We continue to position Aon for long-term growth, strong free cash flow generation and increased financial flexibility, as highlighted by the repurchase of $300 million of ordinary shares in the quarter. Now let me turn to the financial results for the quarter, as highlighted on Page 6 of the presentation.
Our core EPS performance, excluding certain items, increased 13% to $1.11 per share for the first quarter compared to $0.98 in the prior year quarter. Results reflect the strong performance in our Risk Solutions segment, a lower effective tax rate and effective capital management in the quarter.
Certain items that were adjusted for in the core EPS performance and highlighted in the schedules on Page 13 of the press release include noncash intangible asset amortization, restructuring charges and redomicile costs primarily for legal and advisory fees to complete the transaction. Foreign currency translation had a $0.02 favorable impact on EPS in the quarter.
If currency were to remain stable at today's rates, we would expect no material translation impact to EPS in the second quarter of 2013. Now let me talk about each of the segments on the next slide.
In our Risk Solutions segment, organic growth was 3%. Operating margin increased 110 basis points to 22.5%, and operating income increased 9% versus the prior year quarter.
Organic growth, restructuring savings and a 40-basis-point favorable impact from foreign currency translation more than offset a minus 20-basis-point unfavorable impact from a significant decline in investment income due to lower short-term interest rates globally. Let me spend a moment on the formal restructuring programs' key initiatives that have enabled concurrent funding of investments and long-term structural margin expansion.

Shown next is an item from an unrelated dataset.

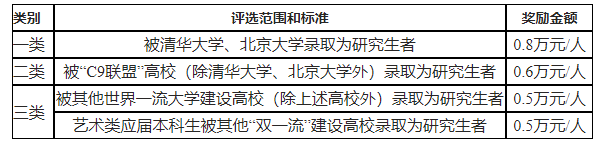 国内奖学金用于奖励普通类应届毕业生被国内名校录取为研究生。根据教育部最新发布的世界一流大学和一流学科建设高校及建设学科名单确定。名校研究生奖学金分为“一类”、“二类”、“三类”,评选范围和标准、奖金金额如下:
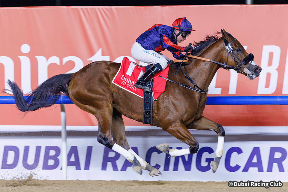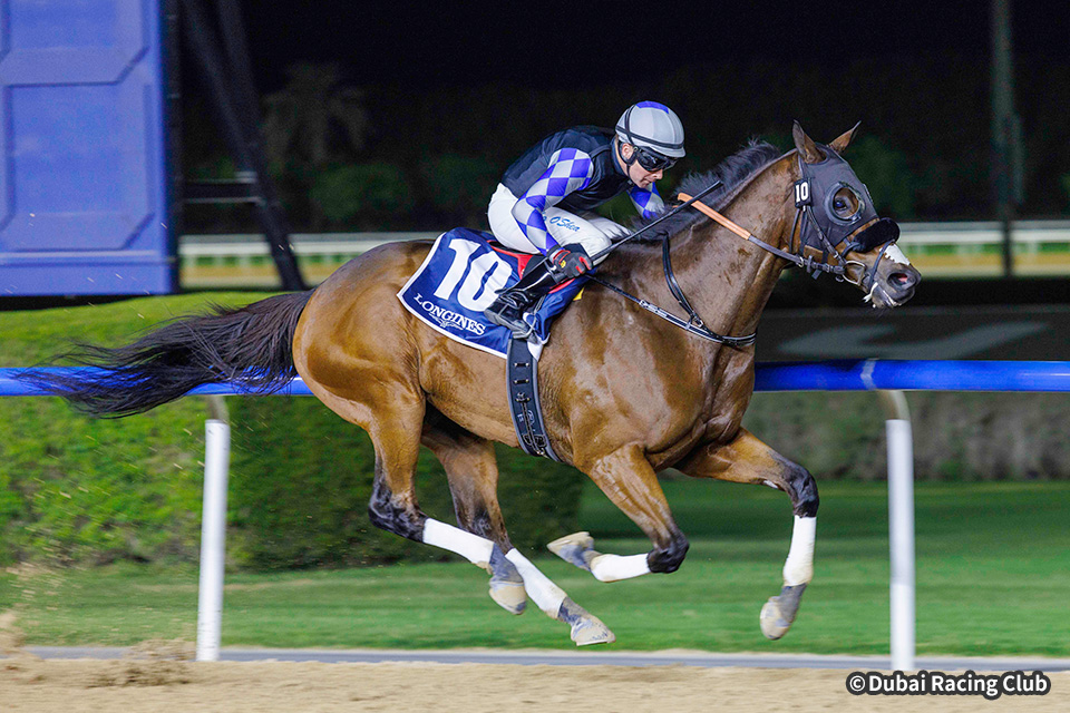 ゴドルフィンの自家生産馬としてイギリスのC.アップルビー厩舎からデビュー。2歳(2022年)10月のデビュー戦と翌年6月の2戦目(ともにイギリス・芝1,600メートル)を連勝しましたが、その後は昨年2月まで4連敗。同年3月のセールで現在のオーナーに落札され、現在の厩舎に移りました。迎えた今シーズンはダートに転向。昨年11月と12月の条件戦(ともにUAE・ダート1,600メートル)をそれぞれ先行して快勝すると、重賞初挑戦となった今年1月のアルマクトゥームチャレンジ(G1・UAE)は先行策からウォークオブスターズに直線で突き放されて2.89馬身差の2着でしたが、続く前走3月のアルマクトゥームクラシック(G2・UAE・ダート2,000メートル)では5、6番手追走から直線で抜け出して、最後はアルマクトゥームマイル(G2・UAE)3着のアートゥリアスに8.46馬身差をつけて優勝。重賞初制覇を果たしました。

Associated with the transfer of the Health and Benefits business at Jan 1, 2012, an estimated $52 million of restructuring savings under the Aon Hewitt program will be achieved in Risk Solutions. Approximately $45 million of the $52 million in cumulative savings have been achieved under the program, including an estimated $5 million of incremental savings in the first quarter.
A breakout of restructuring charges incurred in Risk Solutions associated with the Aon Hewitt program is detailed in the schedules on Page 14 of the press release. In the first quarter, we delivered strong operating performance in Risk Solutions despite continued economic uncertainty in Europe and an unfavorable impact from decline in investment income, placing us firmly on track for margin improvement for the full year and continued progress towards our long-term target of 26%.
Turning to the HR Solutions segment. Organic revenue growth was 1%, operating margin decreased 220 basis points to 14.3%, and operating income decreased 13% compared to the prior year quarter.
An unfavorable impact from legacy litigation and the timing of certain expenses of $10 million or minus 100 basis points, continued investment in long-term growth opportunities and an unfavorable revenue mix shift more than offset organic revenue and incremental restructuring savings in the quarter. With respect to the Aon Hewitt restructuring program, we incurred $26 million of charges in the quarter.
Cumulative savings related to the formal restructuring program in the first quarter are estimated at $69 million compared to $48 million in the prior year quarter, of which approximately $5 million of the incremental savings were achieved in the Risk segment. Excluding the $10 million of legacy litigation and the timing of certain expenses that negatively impacted the quarter, our results are exactly in line with expectations and guidance previously provided for the HR Solutions business.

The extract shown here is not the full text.